28 February 2013

We’ve not had Ed Sheeran at number one yet—that pleasure is still a year away—but ‘Let Her Go’ can serve as our entrée to Ed-ism. Passenger’s chart-topping profile in early 2013 came in great part from supporting Sheeran on his Irish tour that January. So, there’s a good deal of similar baggy-jumper sensitive-busker folk-pop content here, and if you’re an Ed Sheeran shopper then for you that’s happy days.

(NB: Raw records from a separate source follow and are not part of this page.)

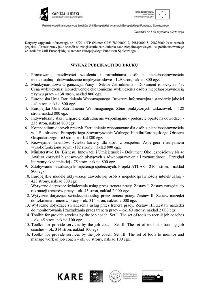 Załącznik nr 1 do zapytania ofertowego Dotyczy zapytania ofertowego nr 15/2014/TP (Numer CPV 78900000-2, 79810000-5, 79823000-9) w ramach projektu „Trener pracy jako sposób na zwiększenie zatrudnienia osób niepełnosprawnych” współfinansowanego ze środków Unii Europejskiej w ramach Europejskiego Funduszu Społecznego. WYKAZ PUBLIKACJI DO DRUKU 1. Promowanie możliwości szkolenia i zatrudniania osób z niepełnosprawnością intelektualną – doświadczenie międzynarodowe - 129 stron, nakład 800 egz. 2. Międzynarodowa Organizacja Pracy - Sektor Zatrudnienia - Dokument roboczy nr 43: Cena wykluczenia: Konsekwencje ekonomiczne wykluczenia osób z niepełnosprawnością z rynku pracy - 138 stron, nakład 800 egz. 3. Europejska Unia Zatrudnienia Wspomaganego. Broszura informacyjna i standardy jakości - 41 stron, nakład 800 egz. 4. Europejska Unia Zatrudnienia Wspomaganego. Zbiór praktycznych wskazówek - 128 stron, nakład 800 egz. 5. Indywidualny staż i wsparcie. Zatrudnienie wspomagane - podejście oparte na dowodach 235 stron, nakład 800 egz. 6. Kompendium dobrych praktyk Zatrudnienie wspomagane dla osób z niepełnosprawnością w UE i obszarze Europejskiego Stowarzyszenia Wolnego Handlu/Europejskiego Obszaru Gospodarczego - 65 stron, nakład 800 egz. 7. Rozwijanie Talentów. Ścieżki kariery dla osób z zespołem Aspergera i autyzmem wysokofunkcjonującym - 182 strony, nakład 800 egz. 8. Ministerstwo Ds. Biznesu, Innowacji i Umiejętności - Dokument Okolicznościowy Nr 4: Analiza korzyści biznesowych płynących z równouprawnienia i różnorodności. Przegląd literatury akademickiej - 75 stron, nakład 800 egz. 9. Zdobywanie i ewaluacja kompetencji społecznych. Projekt ATLAS - 210 stron, nakład 800 egz. 10. Europejskie modele aktywizacji zawodowej osób z niepełnosprawnością intelektualną 423 strony, nakład 800 egz. 11. Wytyczne dotyczące świadczenia usług przez trenera pracy. Zestaw I. Zestaw narzędzi do rekrutacji trenerów pracy – ok. 45 stron, nakład 2 000 egz. 12. Wytyczne dotyczące świadczenia usług przez trenera pracy. Zestaw II. Zestaw narzędzi do szkolenia trenerów pracy – ok. 314 stron, nakład 2 000 egz. 13. Wytyczne dotyczące świadczenia usług przez trenera pracy. Zestaw III. Zestaw narzędzi do monitorowania i zarządzania pracą trenera pracy – ok. 63 strony, nakład 2 000 egz. 14. Toolkit for provide services by the job coach. Set I. The set of tools to recruit job coaches – ok. 45 stron, nakład 100 egz. 15. Toolkit for provide services by the job coach. Set II. The set of tools for training job coaches – ok. 314 stron, nakład 100 egz. 16. Toolkit for provide services by the job coach. Set III. The set of tools to monitor and manage work of job coach – ok. 63 strony, nakład 100 egz.
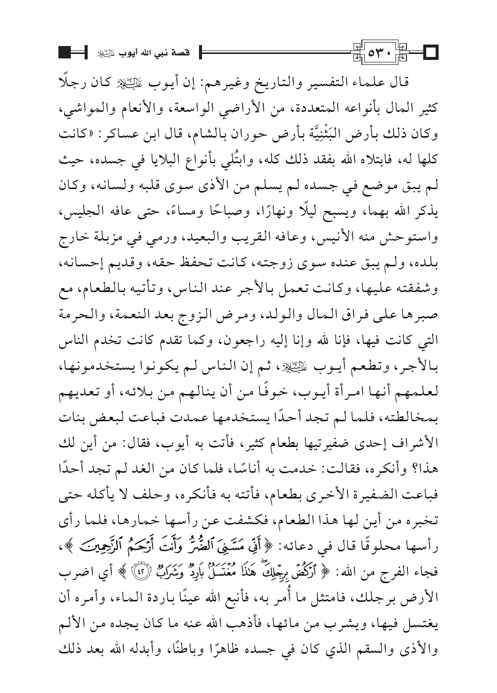 قال علماء التفسير والتاريخ وغيرهم: إن أيوب عليه السلام كان رجلاً كثير المال بأنواعه المتعددة، من الأراضي الواسعة، والأنعام والمواشي، وكان ذلك بأرض البَثْنِيَّة بأرض حوران بالشام، قال ابن عساكر: «كانت كلها له، فابتلاه الله بفقد ذلك كله، وابتُلي بأنواع البلايا في جسده، حيث لم يبق موضع في جسده لم يسلم من الأذى سوى قلبه ولسانه، وكان يذكر الله بهما، ويسبح ليلاً ونهارًا، وصباحًا ومساءً، حتى عافه الجليس، واستوحش منه الأنيس، وعافه القريب والبعيد، ورمي في مزبلة خارج بلده، ولم يبق عنده سوى زوجته، كانت تحفظ حقه، وقديم إحسانه، وشفقته عليها، وكانت تعمل بالأجر عند الناس، وتأتيه بالطعام، مع صبرها على فراق المال والولد، ومرض الزوج بعد النعمة، والحرمة التي كانت فيها، فإنا لله وإنا إليه راجعون، وكما تقدم كانت تخدم الناس بالأجر، وتطعم أيوب عليه السلام، ثم إن الناس لم يكونوا يستخدمونها، لعلمهم أنها امرأة أيوب، خوفًا من أن ينالهم من بلائه، أو تعديهم بمخالطته، فلما لم تجد أحدًا يستخدمها عمدت فباعت لبعض بنات الأشراف إحدى ضفيرتيها بطعام كثير، فأتت به أيوب، فقال: من أين لك هذا؟ وأنكره، فقالت: خدمت به أناسًا، فلما كان من الغد لم تجد أحدًا فباعت الضفيرة الأخرى بطعام، فأتته به فأنكره، وحلف لا يأكله حتى تخبره من أين لها هذا الطعام، فكشفت عن رأسها خمارها، فلما رأى رأسها محلوقًا قال في دعائه: {أَنِّي مَسَّنِيَ الضُّرُّ وَأَنْتَ أَرْحَمُ الرَّاحِمِينَ}، فجاء الفرج من الله: {ارْكُضْ بِرِجْلِكَ هَذَا مُغْتَسَلٌ بَارِدٌ وَشَرَابٌ} أي اضرب الأرض برجلك، فامتثل ما أُمر به، فأنبع الله عينًا باردة الماء، وأمره أن يغتسل فيها، ويشرب من مائها، فأذهب الله عنه ما كان يجده من الألم والأذى والسقم الذي كان في جسده ظاهرًا وباطنًا، وأبدله الله بعد ذلك
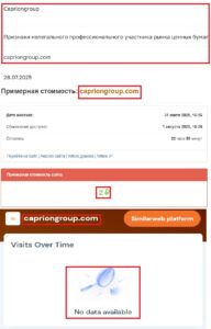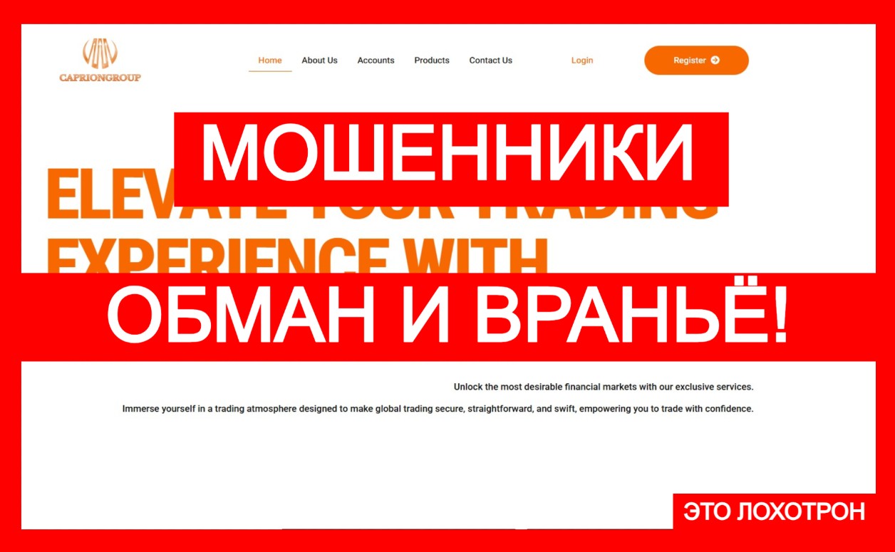 Под видом солидного инвестиционного посредника мошеннический сайт Caprion Group (capriongroup.com) обещает высокую прибыль от торговли на международных рынках. Обещания красивые — «ваше финансовое будущее начинается здесь», «мировая платформа для трейдинга», — но на деле мы имеем дело с типичной лжекомпанией, уличенной в нелегальной деятельности.
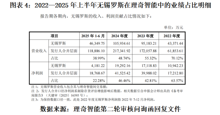 由此测算,2022—2025年上半年,理奇智能的营收总数为57.01亿元,其中51.01%来自无锡罗斯;理奇智能的净利润总数为11.75亿元,其中43.86%来自无锡罗斯。
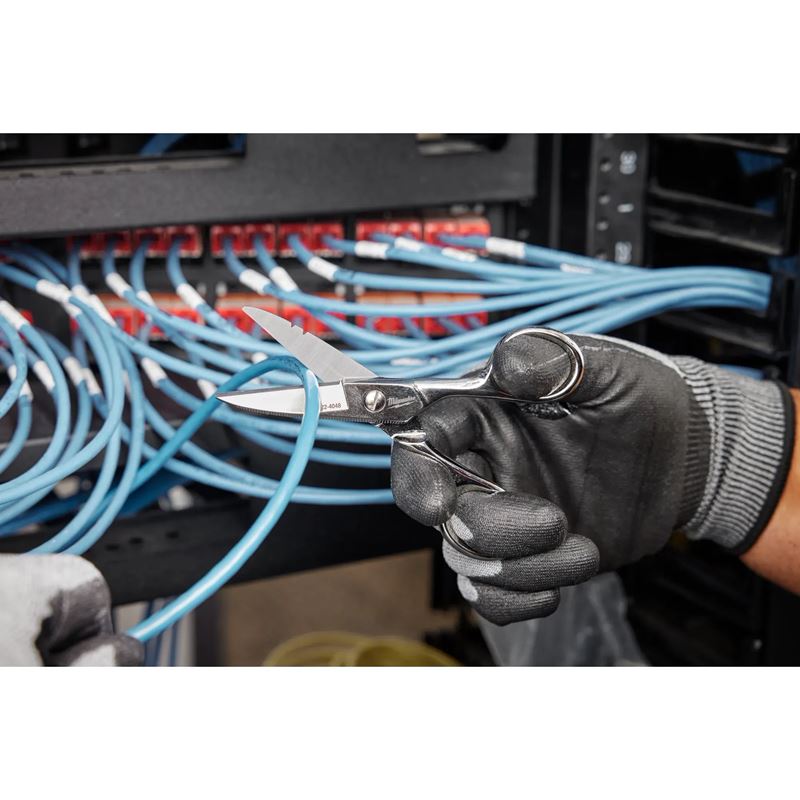 Our Electrician Scissors make easy cuts through cable and wire with the sharp blades. Nickel-coated steel blades stay sharp and maintain blade durability. Designed specifically for electrical and telecommunication applications, these scissors feature two stripping notches on the upper blade to easily strip 19 AWG and 23 AWG wires. The full blade serrated edge provides precise, non-slip cutting action.
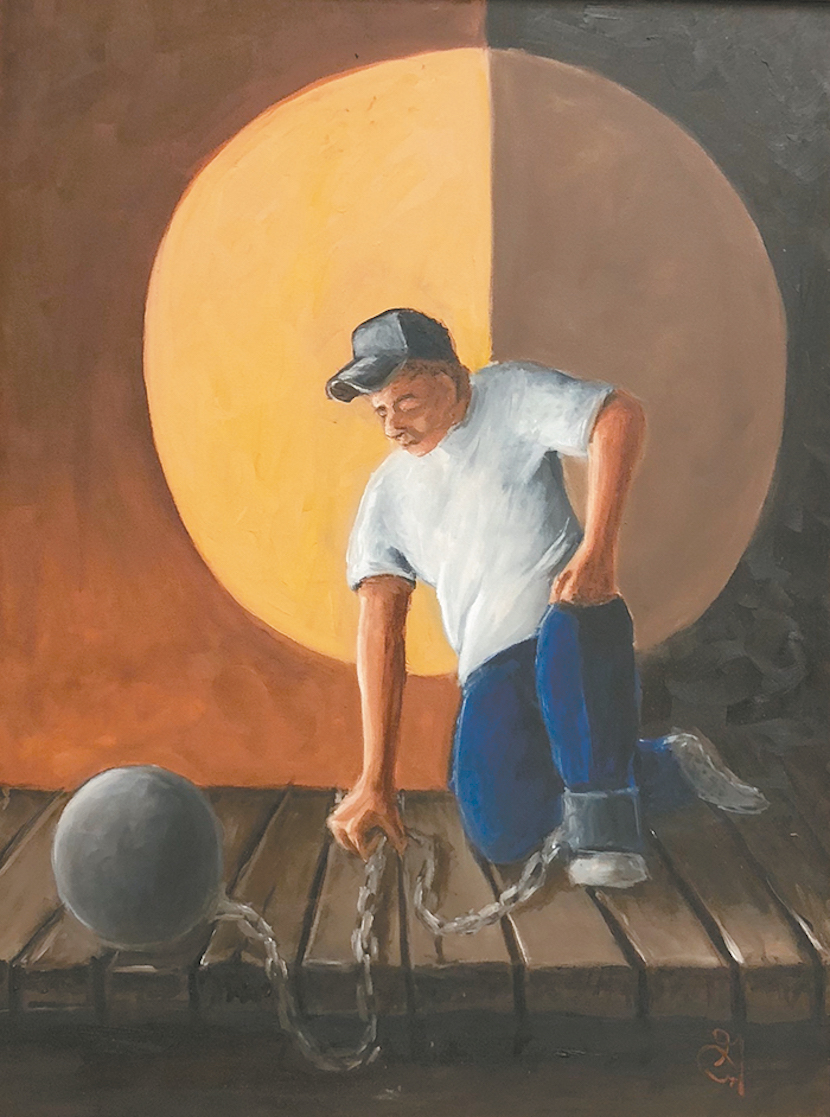 Step Six — Ready: "This person is ready to get up from all the chaos he went through, and the circle is the Creator, always behind him. The ball and chain are his defects of character, and he's ready to let them go." -

For the rest of us, ‘Let Her Go’ is not just Ed Sheeran, but bad Ed Sheeran. Mike Rosenberg’s falsetto quacking is a bizarre singing style that grates my teeth in a way nothing else has since James Blunt’s whinnying on ‘You’re Beautiful’. It also shares that song’s creepily possessive male-privilege slant towards women; maybe you didn’t “let her go” but instead she chose to leave your sorry ass post-haste with no forwarding address. Add to that the rinky-dink piano intro, and the whole effect is also akin to the infantilising purée of Owl City’s ‘Fireflies’. Again, for some people these are their Spotify playlists and for the rest of us they’re our first-date dealbreakers. And the video (below) of concert set-up and footage leans into my old ’00s bugbear of performative authenticity. Stop the record, I want to get off.